Wednesday, April 21, 2010
Introduction | Tae's story | Katie's story | Erin's story | Vanessa's story
Vanessa’s story
The pink lines come 10 seconds after she pees on the strip. It’s supposed to take at least 60 seconds.
The same thing happens on the second test. She doesn’t bother with a third.
Those two lines tell Vanessa the weird feeling in her stomach isn’t from a bad burrito. She is pregnant.
How is this possible?
Every night at 9, like clockwork, Vanessa takes a little blue pill to prevent this very thing from happening.
She’s been on birth control for five years now – since 8th grade, when she and her fiancé, Cameron, first got together. She’s never missed a cycle. Until now, when she realizes birth control isn’t always dependable.
What are we going to do?
At first, Cameron is excited. He’s loved Vanessa since he first saw her in the halls of their middle school near Manhattan. And he’s marrying her in three months anyway. He knows they’ll have kids. It’s all right with him if they start early.
Vanessa, on the other end of a long-distance phone call, brings him back to Earth.
He’s a full-ride football player at a university up north with three years left to finish his degree in criminal law. She’s a 20-year-old KU freshman with five years of pharmacy school in front of her and will remain deployable with the Army for the next year.
The two take four weeks to decide, going back and forth from abortion to school transfers and night classes.
It isn’t until the last Thursday in January that Vanessa goes to Kansas City’s Planned Parenthood to carry out their final decision — a decision influenced by her own childhood.
Vanessa’s mother deserted her husband and two children while Vanessa was still learning how to walk.
Initially planning to abort Vanessa, her mother carried her to term as a junior in high school at the father’s insistence. She married Vanessa’s father and had a second child, a boy, by him before she packed up her things and left. Motherhood overwhelmed her.
So Vanessa grew up under the awkward but well-meaning love of her devoted father.
When Vanessa wanted pigtails, he tried his hardest to make that part straight. But it never was, and her pigtails never matched up.
When she wanted to go clothes shopping for six hours at a time, her father waited patiently outside the dressing room, holding her purse.

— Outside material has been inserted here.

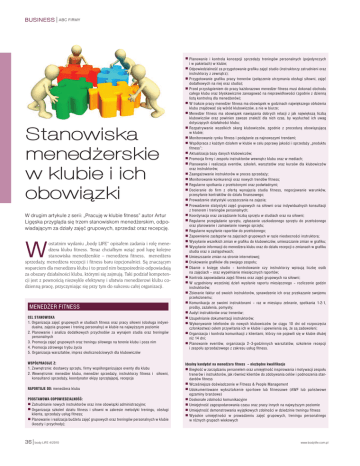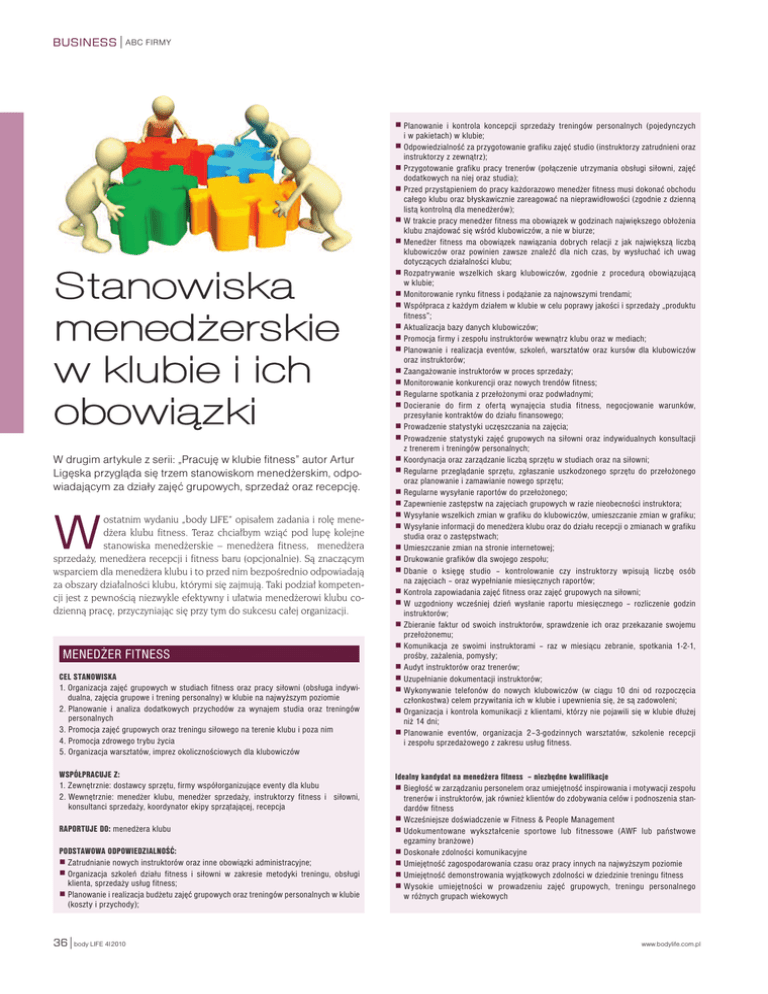 BUSINESS ABC FIRMY Stanowiska menedżerskie w klubie i ich obowiązki W drugim artykule z serii: „Pracuję w klubie fitness” autor Artur Ligęska przygląda się trzem stanowiskom menedżerskim, odpowiadającym za działy zajęć grupowych, sprzedaż oraz recepcję. W ostatnim wydaniu „body LIFE” opisa∏em zadania i rol´ mened˝era klubu fitness. Teraz chcia∏bym wziàç pod lup´ kolejne stanowiska mened˝erskie – mened˝era fitness, mened˝era sprzeda˝y, mened˝era recepcji i fitness baru (opcjonalnie). Sà znaczàcym wsparciem dla mened˝era klubu i to przed nim bezpoÊrednio odpowiadajà za obszary dzia∏alnoÊci klubu, którymi si´ zajmujà. Taki podzia∏ kompetencji jest z pewnoÊcià niezwykle efektywny i u∏atwia mened˝erowi klubu codziennà prac´, przyczyniajàc si´ przy tym do sukcesu ca∏ej organizacji. MENEDŻER FITNESS CEL STANOWISKA 1. Organizacja zajęć grupowych w studiach fitness oraz pracy siłowni (obsługa indywidualna, zajęcia grupowe i trening personalny) w klubie na najwyższym poziomie 2. Planowanie i analiza dodatkowych przychodów za wynajem studia oraz treningów personalnych 3. Promocja zajęć grupowych oraz treningu siłowego na terenie klubu i poza nim 4. Promocja zdrowego trybu życia 5. Organizacja warsztatów, imprez okolicznościowych dla klubowiczów WSPÓŁPRACUJE Z: 1. Zewnętrznie: dostawcy sprzętu, firmy współorganizujące eventy dla klubu 2. Wewnętrznie: menedżer klubu, menedżer sprzedaży, instruktorzy fitness i siłowni, konsultanci sprzedaży, koordynator ekipy sprzątającej, recepcja RAPORTUJE DO: menedżera klubu PODSTAWOWA ODPOWIEDZIALNOŚĆ: r Zatrudnianie nowych instruktorów oraz inne obowiązki administracyjne; r Organizacja szkoleń działu fitness i siłowni w zakresie metodyki treningu, obsługi klienta, sprzedaży usług fitness; r Planowanie i realizacja budżetu zajęć grupowych oraz treningów personalnych w klubie (koszty i przychody); 36 body LIFE 4I 2010 r Planowanie i kontrola koncepcji sprzedaży treningów personalnych (pojedynczych i w pakietach) w klubie; r Odpowiedzialność za przygotowanie grafiku zajęć studio (instruktorzy zatrudnieni oraz instruktorzy z zewnątrz); r Przygotowanie grafiku pracy trenerów (połączenie utrzymania obsługi siłowni, zajęć dodatkowych na niej oraz studia); r Przed przystąpieniem do pracy każdorazowo menedżer fitness musi dokonać obchodu całego klubu oraz błyskawicznie zareagować na nieprawidłowości (zgodnie z dzienną listą kontrolną dla menedżerów); r W trakcie pracy menedżer fitness ma obowiązek w godzinach największego obłożenia klubu znajdować się wśród klubowiczów, a nie w biurze; r Menedżer fitness ma obowiązek nawiązania dobrych relacji z jak największą liczbą klubowiczów oraz powinien zawsze znaleźć dla nich czas, by wysłuchać ich uwag dotyczących działalności klubu; r Rozpatrywanie wszelkich skarg klubowiczów, zgodnie z procedurą obowiązującą w klubie; r Monitorowanie rynku fitness i podążanie za najnowszymi trendami; r Współpraca z każdym działem w klubie w celu poprawy jakości i sprzedaży „produktu fitness”; r Aktualizacja bazy danych klubowiczów; r Promocja firmy i zespołu instruktorów wewnątrz klubu oraz w mediach; r Planowanie i realizacja eventów, szkoleń, warsztatów oraz kursów dla klubowiczów oraz instruktorów; r Zaangażowanie instruktorów w proces sprzedaży; r Monitorowanie konkurencji oraz nowych trendów fitness; r Regularne spotkania z przełożonymi oraz podwładnymi; r Docieranie do firm z ofertą wynajęcia studia fitness, negocjowanie warunków, przesyłanie kontraktów do działu finansowego; r Prowadzenie statystyki uczęszczania na zajęcia; r Prowadzenie statystyki zajęć grupowych na siłowni oraz indywidualnych konsultacji z trenerem i treningów personalnych; r Koordynacja oraz zarządzanie liczbą sprzętu w studiach oraz na siłowni; r Regularne przeglądanie sprzętu, zgłaszanie uszkodzonego sprzętu do przełożonego oraz planowanie i zamawianie nowego sprzętu; r Regularne wysyłanie raportów do przełożonego; r Zapewnienie zastępstw na zajęciach grupowych w razie nieobecności instruktora; r Wysyłanie wszelkich zmian w grafiku do klubowiczów, umieszczanie zmian w grafiku; r Wysyłanie informacji do menedżera klubu oraz do działu recepcji o zmianach w grafiku studia oraz o zastępstwach; r Umieszczanie zmian na stronie internetowej; r Drukowanie grafików dla swojego zespołu; r Dbanie o księgę studio – kontrolowanie czy instruktorzy wpisują liczbę osób na zajęciach – oraz wypełnianie miesięcznych raportów; r Kontrola zapowiadania zajęć fitness oraz zajęć grupowych na siłowni; r W uzgodniony wcześniej dzień wysłanie raportu miesięcznego – rozliczenie godzin instruktorów; r Zbieranie faktur od swoich instruktorów, sprawdzenie ich oraz przekazanie swojemu przełożonemu; r Komunikacja ze swoimi instruktorami – raz w miesiącu zebranie, spotkania 1-2-1, prośby, zażalenia, pomysły; r Audyt instruktorów oraz trenerów; r Uzupełnianie dokumentacji instruktorów; r Wykonywanie telefonów do nowych klubowiczów (w ciągu 10 dni od rozpoczęcia członkostwa) celem przywitania ich w klubie i upewnienia się, że są zadowoleni; r Organizacja i kontrola komunikacji z klientami, którzy nie pojawili się w klubie dłużej niż 14 dni; r Planowanie eventów, organizacja 2–3-godzinnych warsztatów, szkolenie recepcji i zespołu sprzedażowego z zakresu usług fitness. Idealny kandydat na menedżera fitness – niezbędne kwalifikacje r Biegłość w zarządzaniu personelem oraz umiejętność inspirowania i motywacji zespołu trenerów i instruktorów, jak również klientów do zdobywania celów i podnoszenia standardów fitness r Wcześniejsze doświadczenie w Fitness & People Management r Udokumentowane wykształcenie sportowe lub fitnessowe (AWF lub państwowe egzaminy branżowe) r Doskonałe zdolności komunikacyjn

When it came time for Vanessa to get her first bra, he went with her.
Vanessa grew up wondering what she had done to make her mom run away.
Once she was old enough to understand, Vanessa vowed to never put her children through that, that she would be a better mother than hers.
So at age 20, facing the prospect of having a child, forgoing school and working full time to support it, Vanessa remembers that vow and decides not to continue her pregnancy.
Cameron, who grew up watching his parents struggle to make ends meet, comes to the same conclusion. He wants to earn enough money to provide for his wife and children — something he can’t do as a college student.
* * *
Vanessa waits in the lobby of Planned Parenthood with her two best friends, wondering why Cameron isn’t there.
Yes, he’s got football practice. Yes, he can’t afford a plane ticket and still afford to feed himself the rest of the month. Yes, she told him it was OK.
But sitting there, amidst other scared faces, she notices how few men are there with their women.
Damn. Why isn’t he here? He doesn’t have to deal with the pain. Nothing’s growing inside of him. Why isn’t he here?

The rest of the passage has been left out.